▸ **Exercise description**: Apart from pictures, transcribe exactly each line from the one containing "The baby monkey" through the final line of the listing below.

▸ **Data section**:
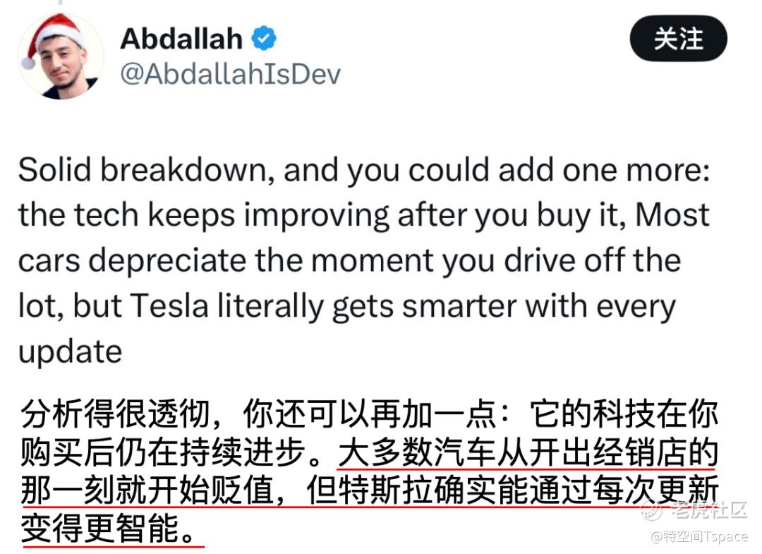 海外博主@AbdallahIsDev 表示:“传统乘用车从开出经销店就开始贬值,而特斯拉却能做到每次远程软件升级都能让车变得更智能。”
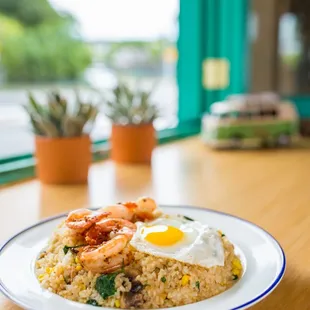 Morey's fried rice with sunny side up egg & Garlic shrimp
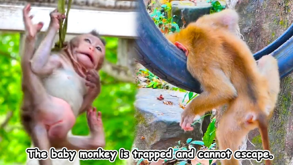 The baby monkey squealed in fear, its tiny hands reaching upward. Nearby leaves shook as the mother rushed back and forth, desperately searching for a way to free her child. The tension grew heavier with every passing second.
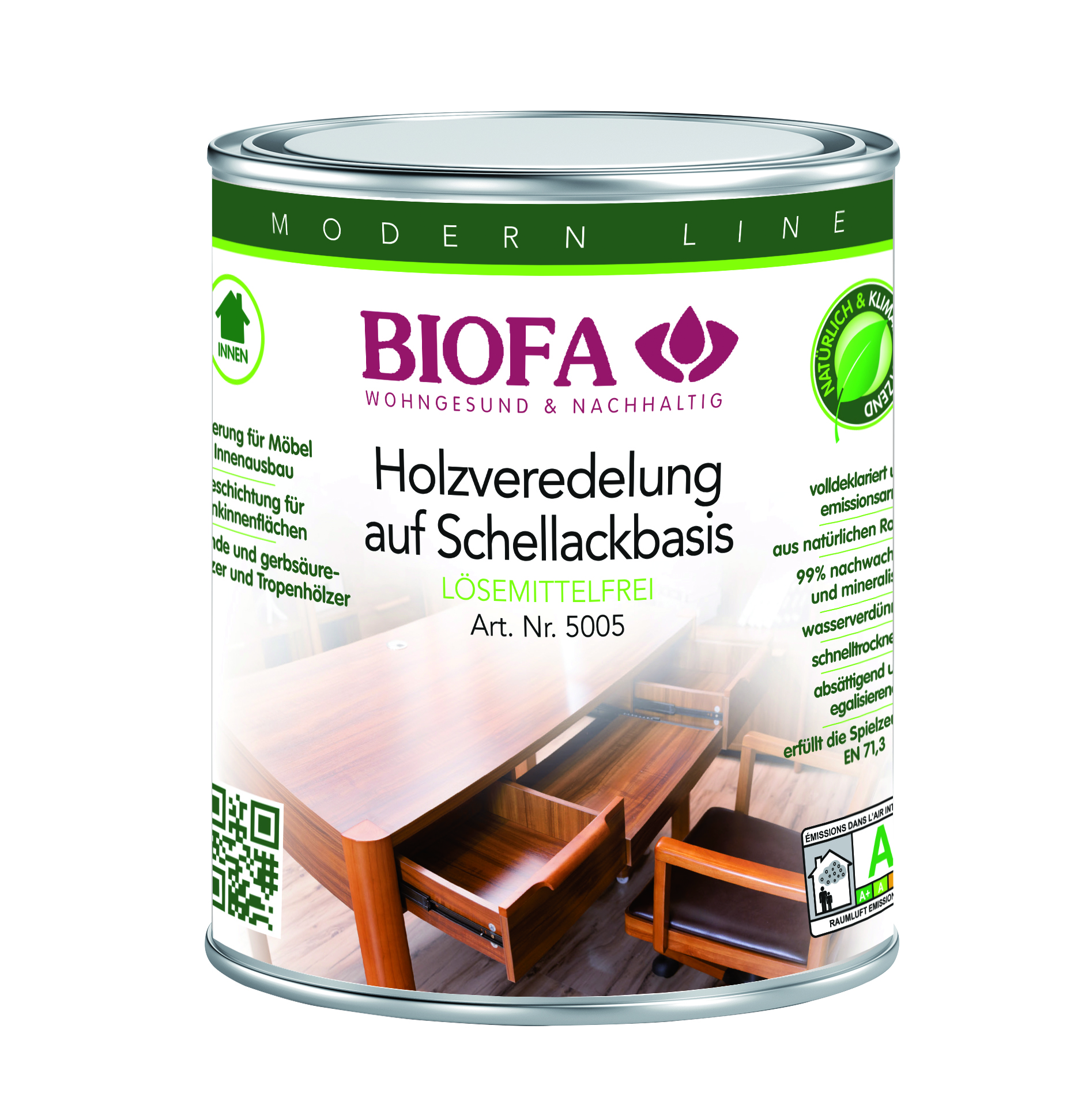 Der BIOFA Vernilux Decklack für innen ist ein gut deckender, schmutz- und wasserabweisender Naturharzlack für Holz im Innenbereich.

▸ **Expected answer**:
 The baby monkey squealed in fear, its tiny hands reaching upward. Nearby leaves shook as the mother rushed back and forth, desperately searching for a way to free her child. The tension grew heavier with every passing second.
 Der BIOFA Vernilux Decklack für innen ist ein gut deckender, schmutz- und wasserabweisender Naturharzlack für Holz im Innenbereich.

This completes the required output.